[FLASH-USERS] MHD (8wave & USM): Refinement region boundaries - spurious waves when B field is oblique to jumps in refinement.
Jonathan Thurgood
jonathan.thurgood at northumbria.ac.uk
Thu May 12 07:11:33 EDT 2016
Dear Sean and John,
Thanks for your quick replies!
In the runs which produced the figures I sent across yesterday I had used these settings
E_modification = .true.
E_upwind = .false.
energy_fix = .true.
prol_method = “balsara_prol”
with the Roe solver and “order = 2 “ run time parameter.
I’ve since played with these settings and the choice of Riemann solver but unfortunately it looks like this particular artefact might be somewhat different to those seen in Sean’s loop advection test since it seems to be resilient to these changes.
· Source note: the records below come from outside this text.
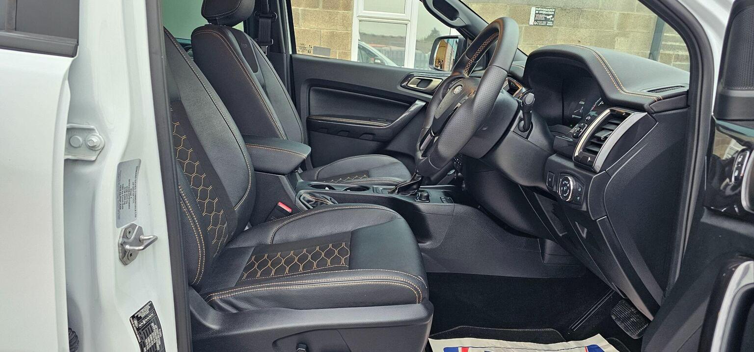 Body Coloured Plastic Front Bumpers, Boulder Grey Exterior Door Handle, Boulder Grey Exterior Mirror Finish, Boulder Grey Radiator Grille, Boulder Grey Step Design Rear Bumper, Cargo Box Power Point Plug, Chrome Lift -Decklid Handle, Collision Mitigation System, Cruise Control with ASLD -AEB and ISA, Day-Night Inside Mirror, Daytime Running Lamps, Double Locking Power Door Lock with Flip Key, Driver Seat Back Mounted Map Pocket, Dual Control System - EATC, Dual Power Heated Fold Back Mirrors with Puddle Lamps and Signal, Dyno Grey Sports Hoop with Side Rails, EPAS - Electric Power Assisted Steering, Ebony Headliner, Electrically-Operated Windows with One-Shot Drivers Window, Electrochromic Inside Mirror, Fixed Rear View Camera, Ford SYNC 3 Single CD-DAB Radio - TMC and Active Noise Cancelling, FordPass Connect, Front Parking Aid, Front Seats - Driver and Passenger Heated Seats, Front Splash Guard - Mud Flaps, Gearshift Knob - Leather, Headlights - LED, Heated Windshield and Rear Window, High Mounted Stop Lamp with Cargo Light, ISOFIX Child Safety Seat Attachments, Inside Chrome Door Handles, Intelligent Speed Assistance, Interior Ambient LED Lighting, LED Front Fog Lamps, Lane Keeping Aid, Leather Seat Trim, Load Box Bedliner, Load Box Bedliner - Power Point and Tie Down Hooks, Load Rest, Loadbox Inside Tie Down Hooks, Locking Rear Axle, Locking Wheel Nuts, Moulded in Colour Tailgate Handle, Mud Flaps - Rear, Painted Front Fender Grill, Passive Anti-Theft System, Passive Keyless Entry and Start, Power Converter, Power Tailgate Lock, Premium Front and Rear Floor Mats, Privacy Glass, Rain Sensitive Windshield Wipers, Rear Bumper Chromed Steel Step, Rear Parking Sensors, Rear Power Point Plug, Roof Rails, Roof Storage for Driver Sunglasses, Seats - Drivers 8-Way Adjustment, Side Step with Brushed Inserts, Spare Wheel Lock, Sport Leather Stitched Steering Wheel, Sports Bar with High Mounted Brake Light, Sports Hoop, TSR - Traffic Sign Recognition, Tailgate with Easy-Lift - Lower Mechanism, Thatcham Category 1 Security System, Tie Down Rail with Rope Hooks, Tyre Pressure Sensors, Under Body Protection, Under Hood Engine Cover, Wildtrak Door Trim Panel Insert, 18in Alloy Wheels - 8in Boulder Grey-Machined, 2 Key Fobs, ABS - ESP and Roll-Over Mitigation, Airbags - Curtain, Airbags - Driver and Front Passenger, Airbags - Drivers Knee Bolster, Airbags - Front Side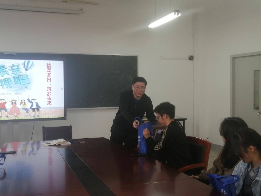 活动中,师生围绕知识改变命运讨论了大学学习的重要性,并且以自强不息、独立自主、诚实守信为切入点交流了大学期间成长成才的过程。冯荣结合自身的求学、奋斗和成长经历与在座的学生做了分享。他指出,家庭困难是一时的,并不可怕。虽然一个人没有办法选择自己的出身,但完全可以靠自己的努力,通过塑造思想、磨练意志、汲取知识、增长才干改变自己的命运,创造更美好的未来。驻足当下所有的付出都是值得称赞和他人艳羡的,面对困难唯有努力才有可能感动自己!他还表示这次的“青亲聊吧”活动传递的不仅是一份份暖冬礼包,更是心灵之间的温情传递,是学院关心关怀学生的切实举措。希望同学们将接受的这份温暖化为源源不断的动力,珍惜时光,努力学习,不负学院和老师的期望。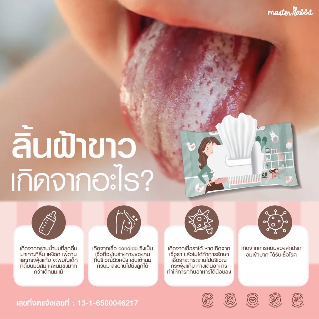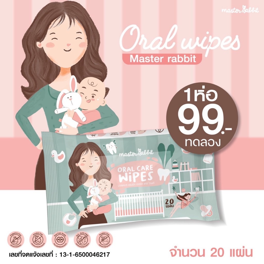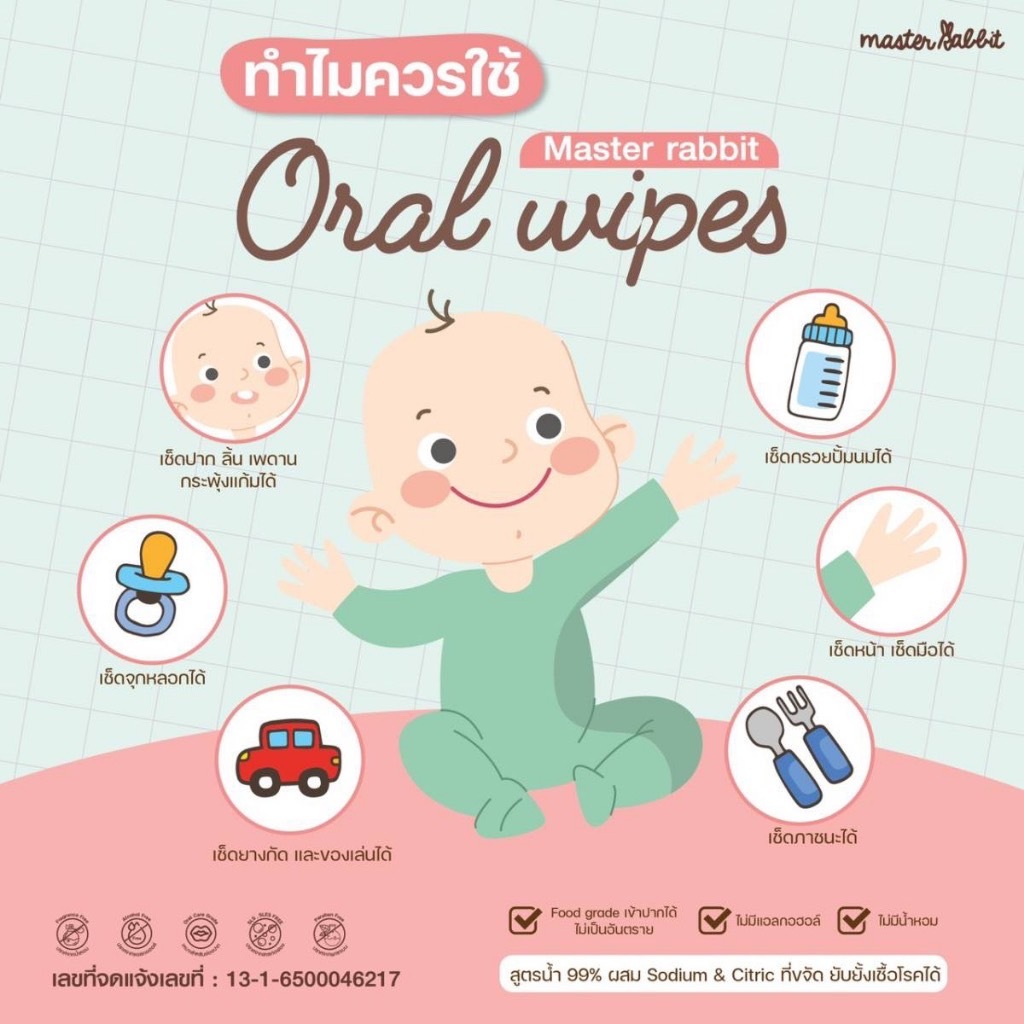 ทิชชู่ Oral Wipes Master Rabbit เช็ดทำความสะอาดช่องปากสำหรับเด็ก เช็ดลิ้น เหงือก ฟัน กระพุ้งแก้ม 1ห่อ

Specifically, I’ve since tried the following
1) Enable E_upwind whilst retaining other settings as above.
There is no appreciable difference.
2) Changing the prol_method.
This makes no difference as far as I can tell (not even a slight change in the current amplitudes). I wondered if that in of itself was not strange?
Is it possible that the that special prolongation is only being applied when a block is refined to a lower level, but not when blocks of different levels of refinement compute guard cell data, but rather only some simple interpolation?
3) Changing the Riemann solver from Roe to Hybrid to HLLD (reading the manual, Table 14.9 pg 219 makes it sound like these are the only options for USM?)
There are some slight quantitative differences but overall this doesn’t seem to help remove this particular artefact.
4) Changed the runtime parameter “order” from 1,2,3,5 for Roe, Hybrid, and HLLD.
Orders > 2 showed only slight quantitative differences, with no real effect to supress the artefact.
Interestingly, order = 1 does change something.
For the Roe solver I’ve found that the current artefacts are reduced to singular points in the ‘corners’ of order 1e-15 , but this doesn’t resolve the problem altogether in that there are still artefacts in the flow fields at the refinement region boundaries (i.e., setting it to 1 seems to not compute bad current, but still sets up the flow fields associated with this artefact).
Order =1 for Hybrid and HLLD introduced new class of artefact associated with high eint and v at different locations, and crashed very quickly, “computed dt not positive”.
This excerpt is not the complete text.